Setting precedents for international human rights law, the declaration “comprises 30 articles that contain a comprehensive listing of key civil, political, economic, social and cultural rights,” according to the Encyclopedia Britannica. These rights range from the human right to not experience torture, to the right for humans to assemble and form unions or other groups.
Since the establishment of the declaration, many legal and governmental proceedings have based their treatment of human rights cases on the statutes set up in the declaration, which is non-binding to members of the United Nations.
While people around the world have been celebrating the declaration oo Human Rights Day on Dec. 10 every year since 1950, this year, Shepherdstown will be joining in on the celebration, although at an earlier date in the year.
On Oct. 27 at noon, the 70th Anniversary of the Universal Declaration of Human Rights will be celebrated at St. Agnes Catholic Church’s Parish Center at 106 South Duke Street. The event will feature a panel discussion on the declaration’s importance and the need to protect human rights internationally, with Shepherd University Assistant Professor of English James Pate, Shepherd University Lecturer of English Christopher Wilson and PLANT Co-Director Catherine Halvey Goodwin as panel members.
“It’s pretty close to national Human Rights Day on December 10, but December 10 wasn’t a good time for us to organize, so we chose the end of October,” Goodwin said, mentioning she hopes the event will encourage the community to become more aware of international human rights needs.
“I hope that we’ll add the voice of the Shepherdstown community to international voices being raised right now, about the urgent need to promote, stand up for and live the message of the Universal Declaration of Human Rights in our time, given the major challenges before us. It’s such a huge issue,” Goodwin said. “I’m hoping it will invigorate us to take on the struggles previous generations have taken on. I’m hoping we’ll do our part to fight for human rights.”
According to Goodwin, human rights is related to environmental rights, since the environment’s health is closely connected with human health. As co-director of the 501(c)3 organization, Partners for the Land & Agricultural Needs of Traditional Peoples, Goodwin has worked for 30 years for the protection of human rights in the Amazon in Brazil, and she hopes sharing what she has learned about human rights in Brazilian Amazonia and in sub-Saharan Africa will encourage community members to become involved with PLANT or other human rights organizations.

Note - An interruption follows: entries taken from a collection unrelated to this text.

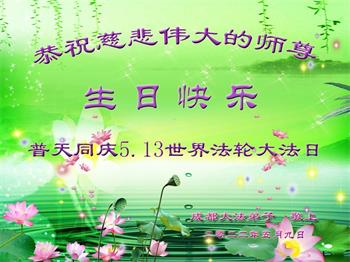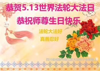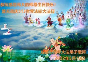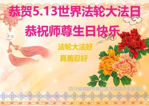 四川省成都市全体大法弟子恭祝世界法轮大法日! 四川省成都市一大法弟子恭贺法轮大法日暨师尊华诞!
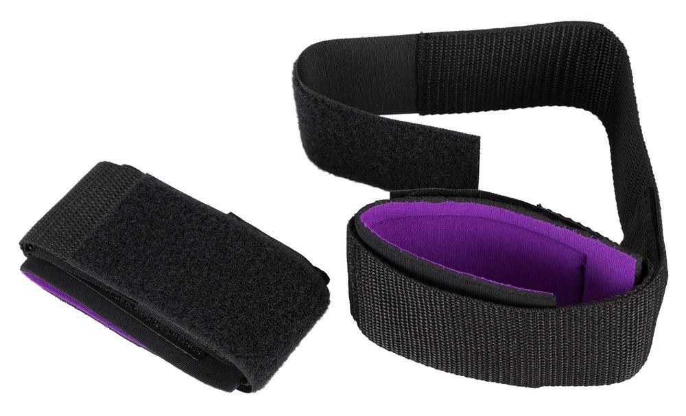 Rende indifesi per raffinati giochi erotici. Manicotti per cosce morbidamente imbottiti (lunghi ca. 58 cm ) con manicotti per polsi saldamente fissati (lunghi ca. 30 cm ). Chiusura a velcro. Nero/viola. 100% poliammide.
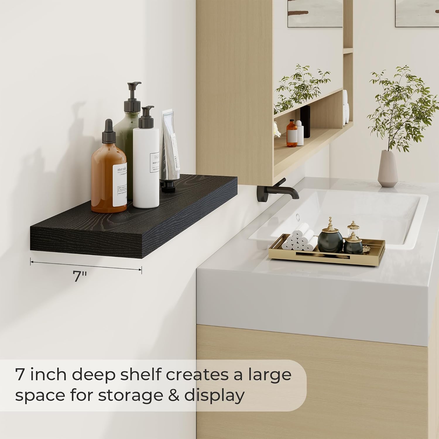 - Modern and rustic style: Our 6.7-inch deep floating shelves blend modern rustic with practical functionality, offering a seamless solution to elevate any room. Crafted to complement a wide variety of wall types and interior styles, these shelves are perfect for displaying treasured décor or optimizing storage in your home.
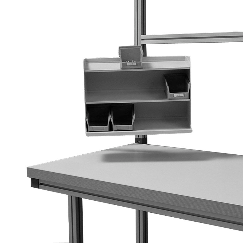 Polica za male zaboje izboljšuje delovni tok, omogoča učinkovito organizacijo in zmanjšuje čas iskanja drobnega materiala.
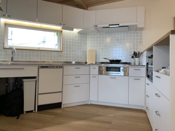 キッチンは敷地形状に合わせたキッチンになっており、とても使い勝手の良いキッチンに
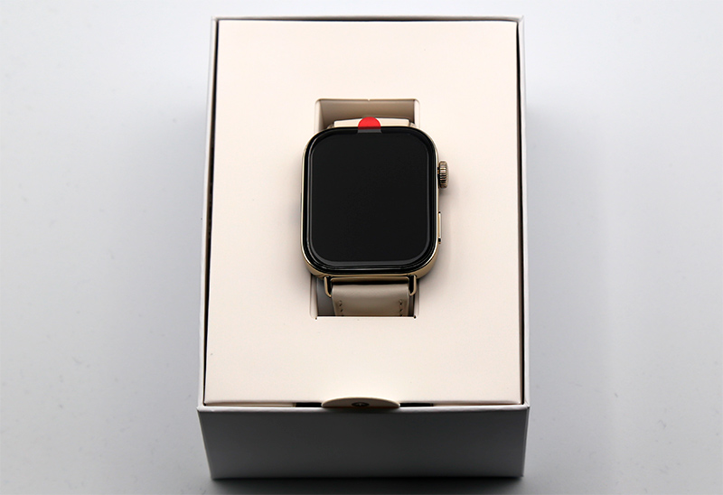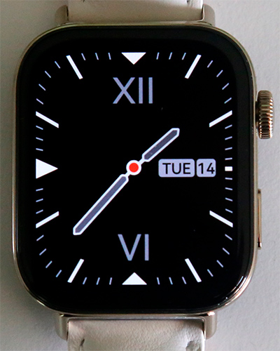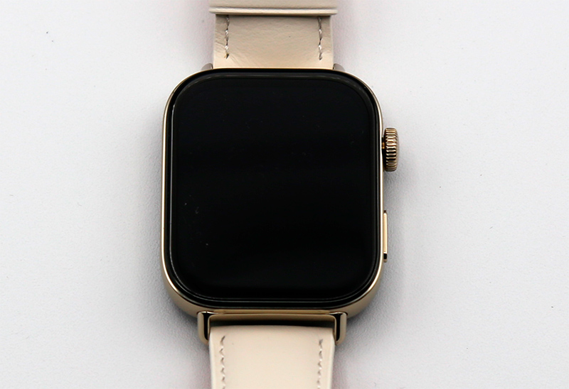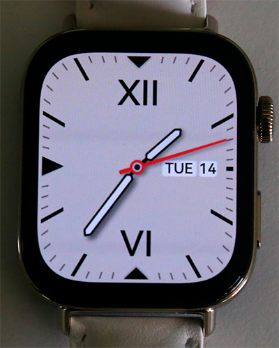 Корпус выполнен из металла. Часы имеют два управляющих элемента: вращающееся колесо для скроллинга, которое также нажимается, и нижняя кнопка.
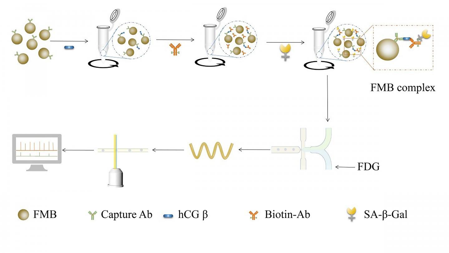 image: Diagram of hCGβ detection by microfluidic droplet and multicolor fluorescence detection
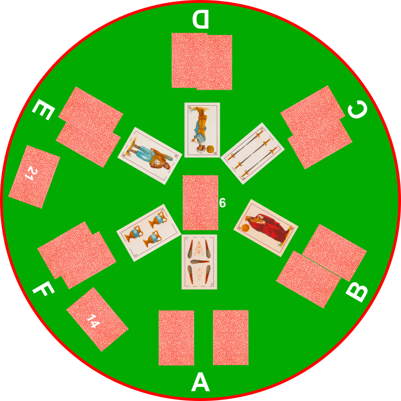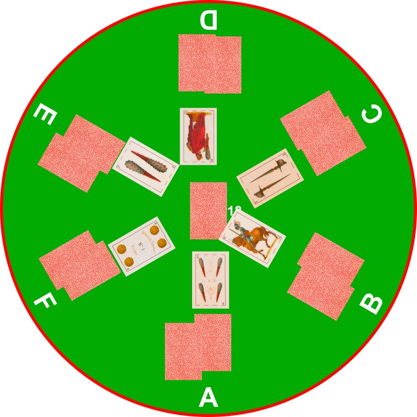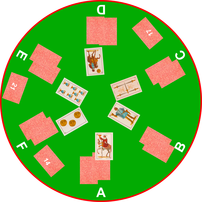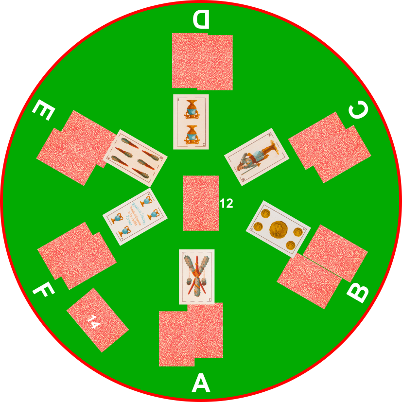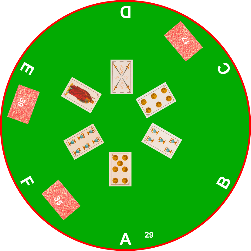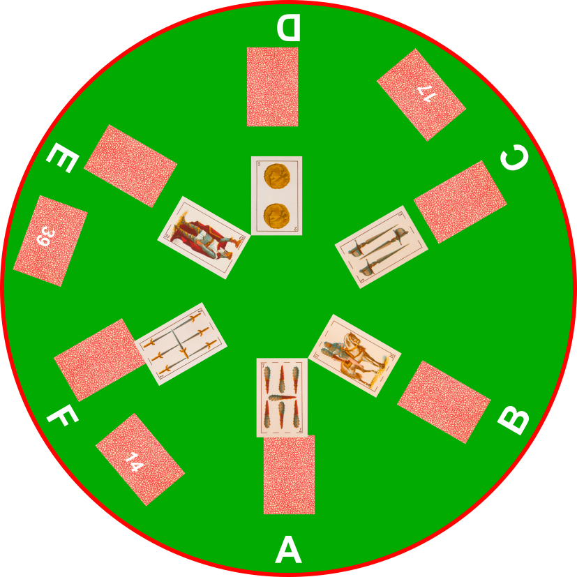 Hasieran lau batekoak kendu ondoren, A jokalariak hiruna karta banatzen dizkie jokalariei. |

“I’d like to think of Shepherdstown as a very engaged community from very diverse backgrounds, so I would hope many people would come and think about the kind of leadership we need — we need the leadership of old and young alike, to make a difference right now,” Goodwin said. “We as a community want to be part of those who are giving their voice, who are making sure that human rights are being upheld, and we want to promote that in all we do.”